Он устало покачал головой.
— Давай ты, Мэри. Выкладывай, кто из твоих титулованных знакомых говорит по-немецки. И у кого из них есть «роллс-ройс»!
Мэри закрыла глаза и беззвучно зашевелила губами, пытаясь вспомнить.
— Во-первых, Банни Брэйнард. У него «роллс-ройс», но он не аристократ и вечно бегает за девушками. Во-вторых, Тони Кастелони; итальянец, с каким-то там титулом, но вряд ли он бегло говорит по-немецки.
— Возьмем его на заметку, — задумчиво произнес Этредж.
— В-третьих, Леопольд — то есть граф Вурц; самая подходящая кандидатура.

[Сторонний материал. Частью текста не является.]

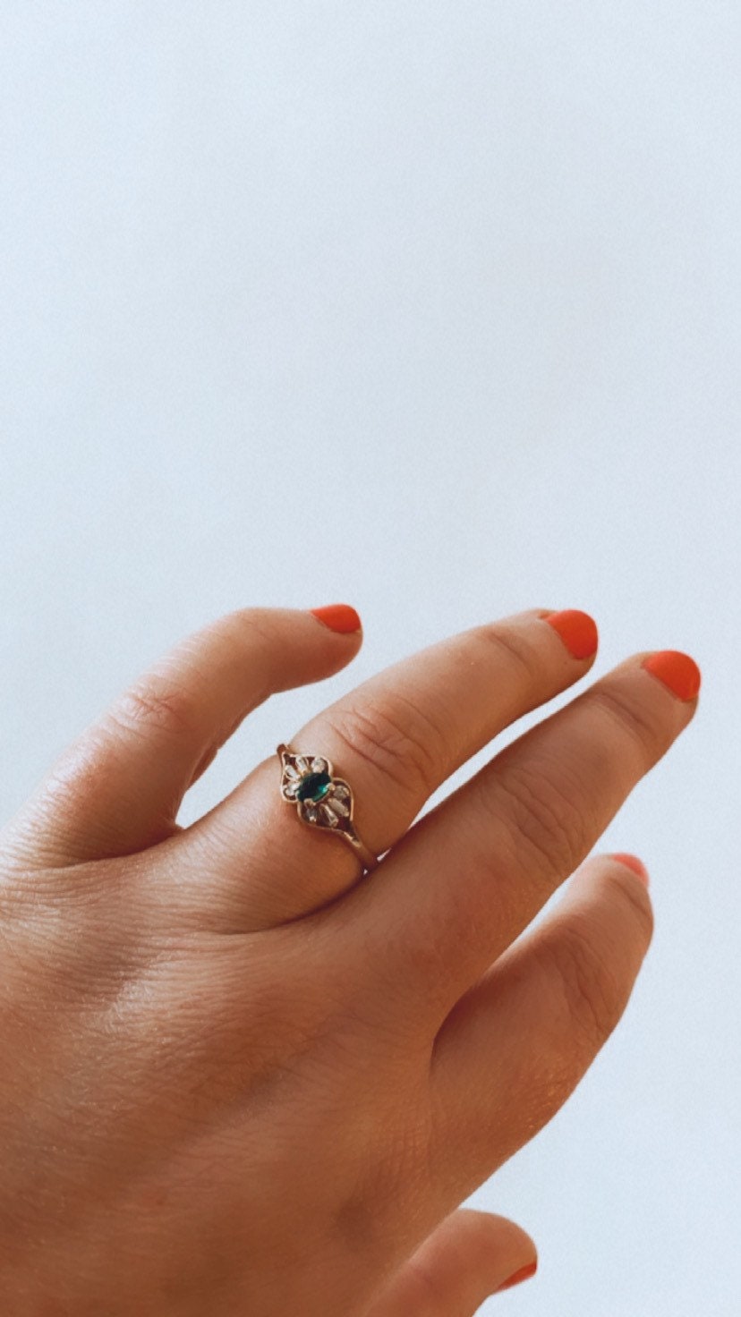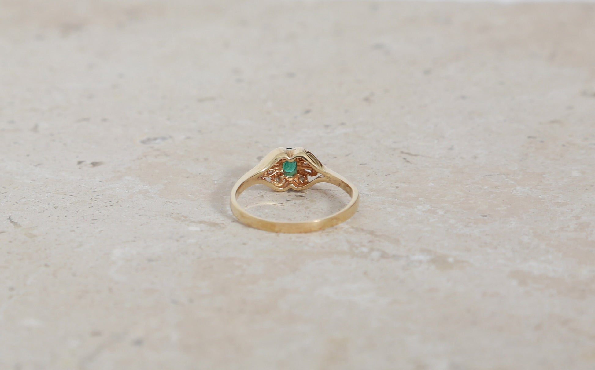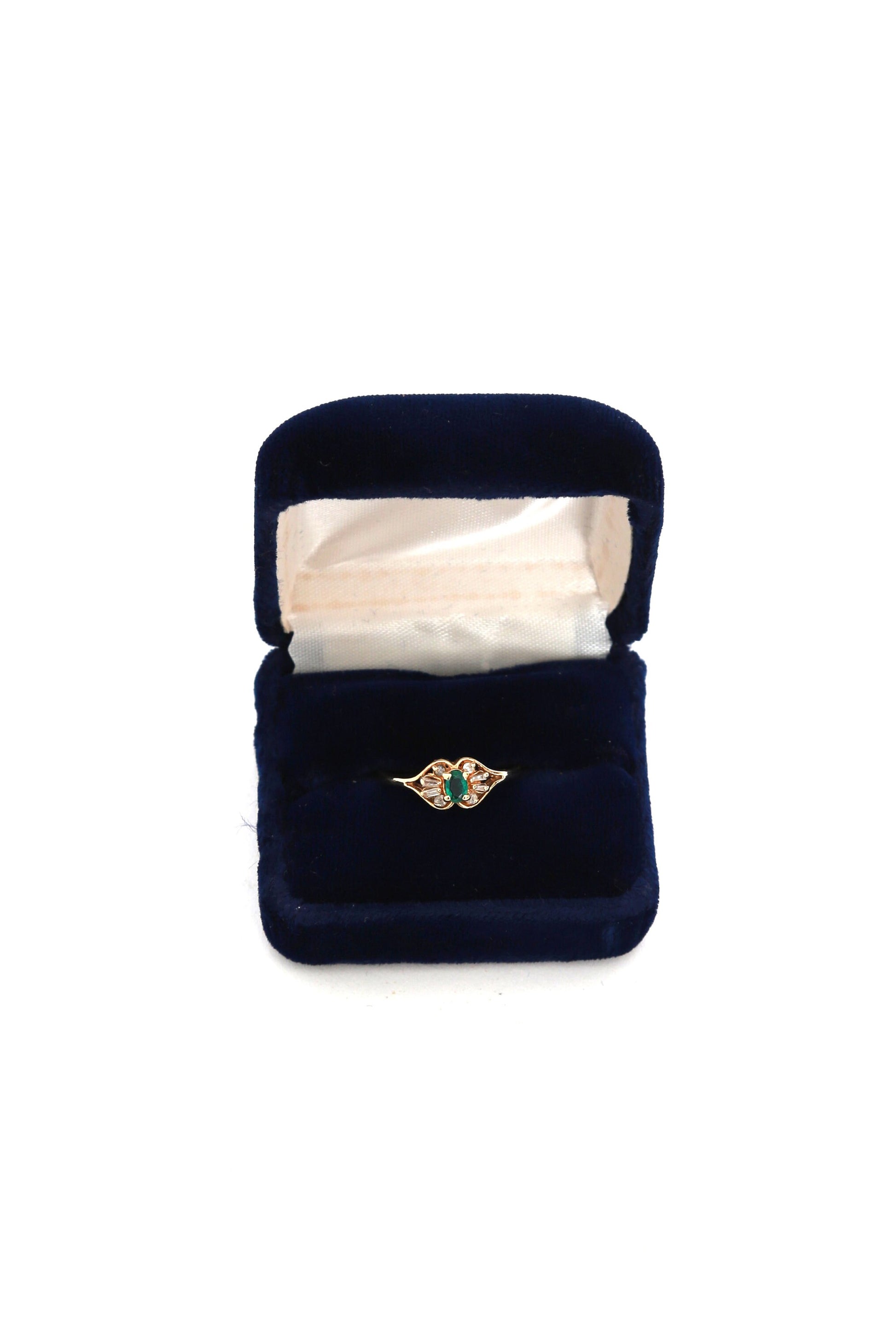 Vintage 14K Gold baguette diamond oval Emerald ring

Она резко замолчала, а по щекам разлился румянец. Потом смущенно продолжала:
— Знаешь, он такой рафинированный, чертовски красивый и богатый космополит. Ходят слухи, что он разбил не одно сердце. Он как Змий, Чарльз; неприятный, но очаровательный.
Она потупилась, взгляд сделался туманным.
— Я и сама подпадала под его обаяние, было дело.
— Тогда он определенно наш парень, — посмеиваясь, сказал Этредж.
Но Мэри не шутила.
— Не паясничай, Чарльз. Граф Вурц настоящий джентльмен. Однако есть в нем нечто странное. Веющее бедой. Недавно ходили нелепейшие слухи: говорили, Катарина Грант так страдала от любви к нему, что умерла. И если бы не его вид, такой… такой инфернальный… люди бы ничего подобного не подумали.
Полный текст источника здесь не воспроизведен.